Lets say console charges 30% to increase profit from -a% to +b%

Lets say Apple charges 30% to increase profit from +x% to +y%

The argument boils down to "One should be allowed to charge if it makes something unprofitable profitable. Therefore consoles should be allowed to charge but Apple should not."

But wouldn't this argument imply it is also wrong for consoles to charge in excess of what makes their profit greater than 0%? Or is there some fixed small amount of profit for which this is ok, say 5%, and Apple's profit from phones alone already exceeds this small number?




Extreme sustained profit margins are usually a signal that something fishy is going on.


A lot of brands have extreme profit margins on what they sell, but this is not considered illegal. Hell, a lot of brands are just reselling the same cheap goods as everyone else and charging more simply for having their name on it, but this is considered a perfectly valid business model.


>reselling the same cheap goods as everyone else and charging more simply for having their name on it

I've always seen this as slightly shady even if it is considered a valid business model.

It's often unclear if consumers are fooled about the true quality of goods, whether they are Veblen goods.

If it's a Veblen good or if they genuinely do value the brand name alone then I guess it's fine but it's not too exactly ethical to fool consumers about the quality of your products or what the brand actually represents (which is what consumers always say they value about brands - not the name itself).

I'm likewise not very sympathetic to the idea that these brands deserve government protection from knock offs. If consumers genuinely aren't bothered about whether their Nike shirt is "real" why does the government need to be?


I think it is the Extreme "Net Profits Margin" that is fishy.

Extreme Gross profits margin is entirely what enables marketing and funding for luxury brands.


> … profit margins …

… are completely dependent on what expenses are attributed to the revenue by the cost accountant. Is producing WWDC an App Store cost?


It's certainly accounted as a cost by Apple when it calculates its 37.8% gross profit margin.
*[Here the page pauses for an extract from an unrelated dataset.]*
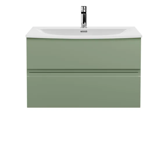 Hudson Reed Urban 800mm Wall Hung 2-Drawer Unit and Curved Basin 1 Tap Hole - Satin Green

Since when are the Courts in the business of determining which business models are valid and how much profit is justifiable? How about whether it’s justifiable because one of the party’s is taking a loss somewhere? I would say those sound like political questions, but in this case, it’s not really the government’s business either.


Profit margin can be an indicator of monopolistic behavior, ie if you have a monopoly, you may be able to charge unusually high profit margins and maintain customers.

It's not absolute PROOF though, because maybe you can charge high profit margins because you make really good stuff and people and are willing to pay more.

But in general, in normal competitive markets, if you have a high markup people will tend to seek\buy cheaper alternatives.


That is not an answer to my questions within the context of the comment I was replying to.

> But in general, in normal competitive markets, if you have a high markup people will tend to seek\buy cheaper alternatives.

That is in fact what happens. Apple rarely dominates in market share, and they do not have dominant phone market share. I can’t recall a time where they ever did have dominant phone market share.